Screenshot shows a Notebook called PrepareData and M L Execute Pipeline called M L Execute Pipeline at the top with the Settings tab selected below.

"Microsoft.DataFactory/factories/pipelines": {
        "properties": {
            "variables": {
                "*": {
                    "defaultValue": "="
                }
            }
        }
    }

Doing so will force the Azure Data Factory workspace to add the variables to the parameters list when the publish button is clicked:

{
    "$schema": "https://schema.management.azure.com/schemas/2015-01-01/deploymentParameters.json#",
    "contentVersion": "1.0.0.0",
    "parameters": {
        "factoryName": {
            "value": "devops-ds-adf"
        },
        ...
        "data-ingestion-pipeline_properties_variables_data_file_name_defaultValue": {
            "value": "driver_prediction_train.csv"
        }        
    }
}

The values in the JSON file are default values configured in the pipeline definition. They're expected to be overridden with the target environment values when the Azure Resource Manager template is deployed.

Continuous delivery (CD)

The Continuous Delivery process takes the artifacts and deploys them to the first target environment. It makes sure that the solution works by running tests. If successful, it continues to the next environment.

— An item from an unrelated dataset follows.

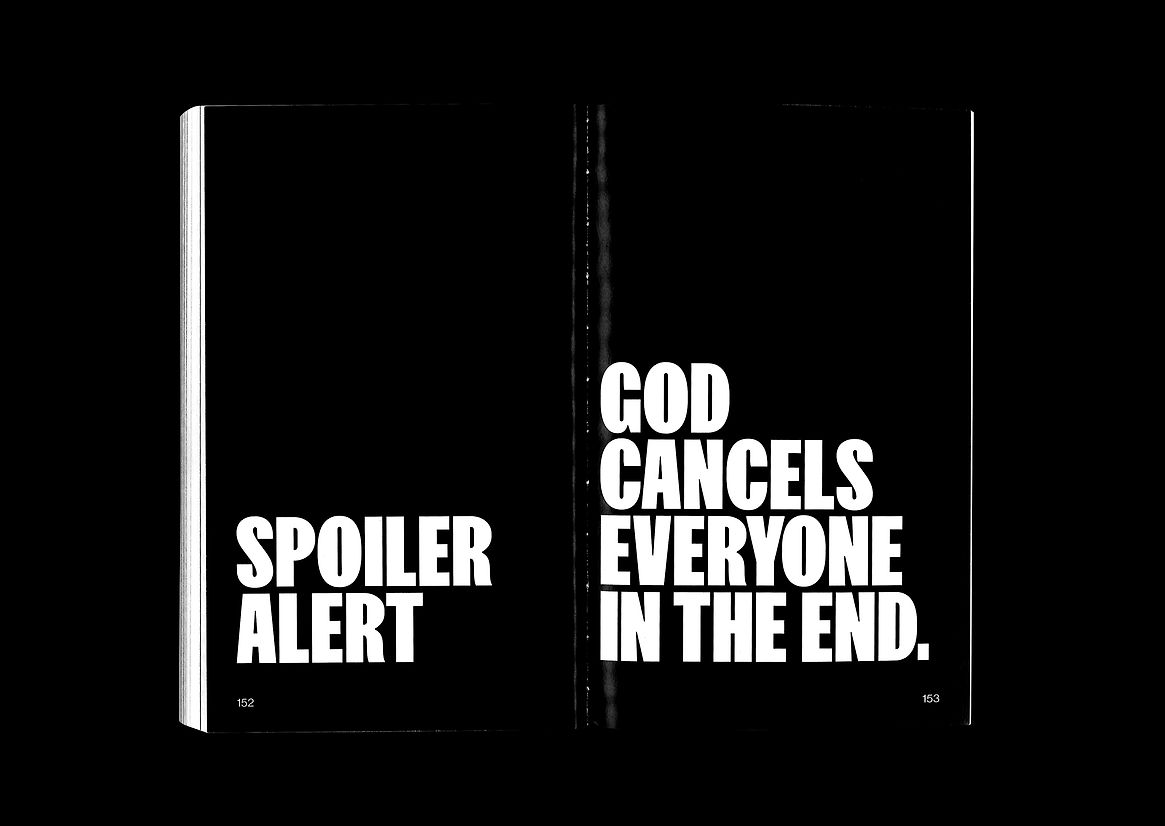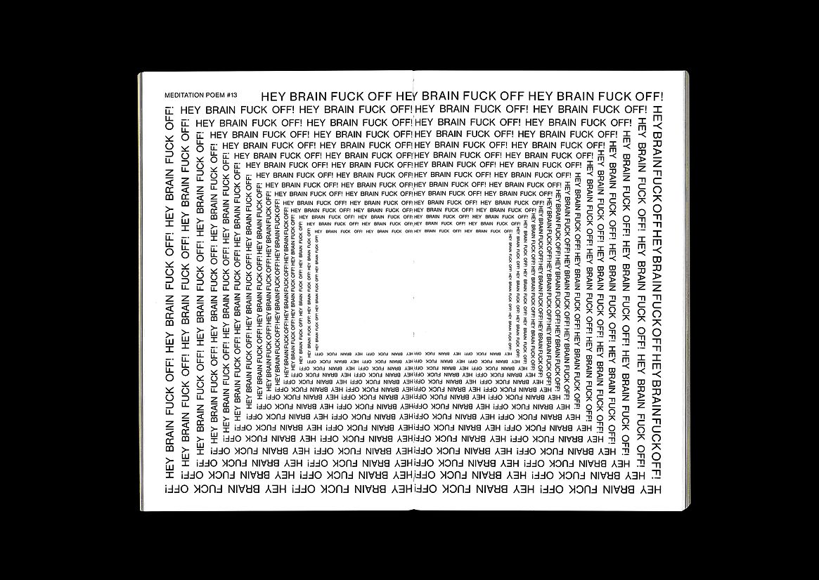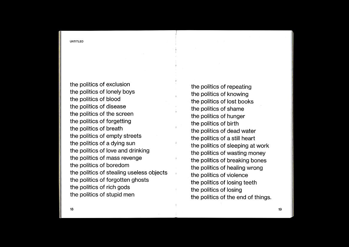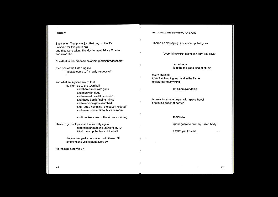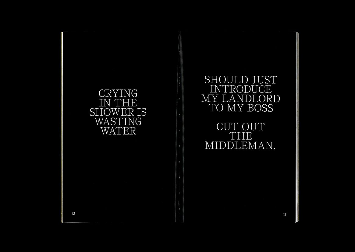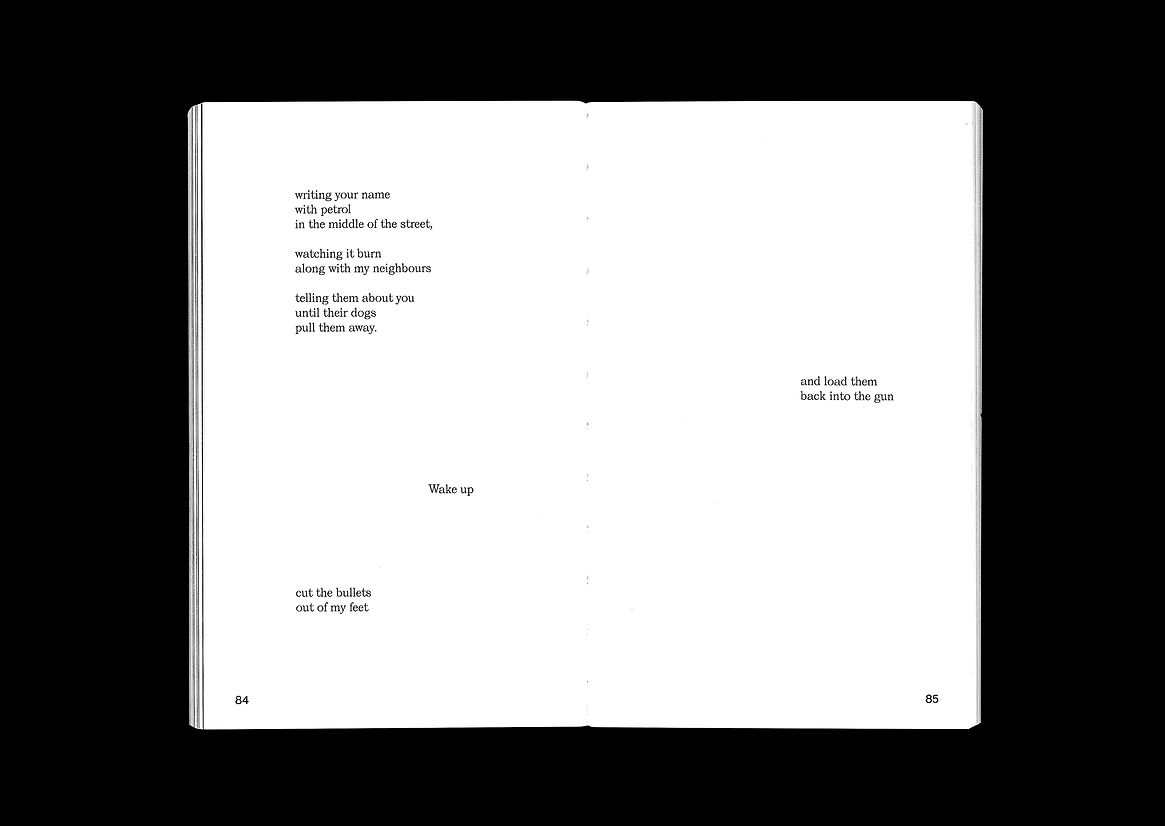 A system was developed to give the book structure and to ensure it still made sense to the reader. A modular grid was used with a heading style and page number so the reader always knew where a poem began and ended. Black was the only colour and the main typeface was a Grotesk sans in 3 different sizes. Each poem was set in this base style and then treated individually so they each had their own sense of identity. Playing with size, tension, and placement on the grid, other typefaces were introduced—a chunky condensed for anything political, a serif for words of grief or love.

The CD Azure Pipeline consists of multiple stages representing the environments. Each stage contains deployments and jobs that perform the following steps:

  • Deploy a Python Notebook to Azure Databricks workspace
  • Deploy an Azure Data Factory pipeline
  • Run the pipeline
  • Check the data ingestion result

The pipeline stages can be configured with approvals and gates that provide additional control on how the deployment process evolves through the chain of environments.

Deploy a Python Notebook

The following code snippet defines an Azure Pipeline deployment that copies a Python notebook to a Databricks cluster:

- stage: 'Deploy_to_QA'
  displayName: 'Deploy to QA'
  variables:
  - group: devops-ds-qa-vg
  jobs:
  - deployment: "Deploy_to_Databricks"
    displayName: 'Deploy to Databricks'
    timeoutInMinutes: 0
    environment: qa
    strategy:
      runOnce:
        deploy:
          steps:
            - task: UsePythonVersion@0
              inputs:
                versionSpec: '3.x'
                addToPath: true
                architecture: 'x64'
              displayName: 'Use Python3'

            - task: configuredatabricks@0
              inputs:
                url: '$(DATABRICKS_URL)'
                token: '$(DATABRICKS_TOKEN)'
              displayName: 'Configure Databricks CLI'    

            - task: deploynotebooks@0
              inputs:
                notebooksFolderPath: '$(Pipeline.Workspace)/di-notebooks'
                workspaceFolder: '/Shared/devops-ds'
              displayName: 'Deploy (copy) data processing notebook to the Databricks cluster'       

The artifacts produced by the CI are automatically copied to the deployment agent and are available in the $(Pipeline.Workspace) folder. In this case, the deployment task refers to the di-notebooks artifact containing the Python notebook. This deployment uses the Databricks Azure DevOps extension to copy the notebook files to the Databricks workspace.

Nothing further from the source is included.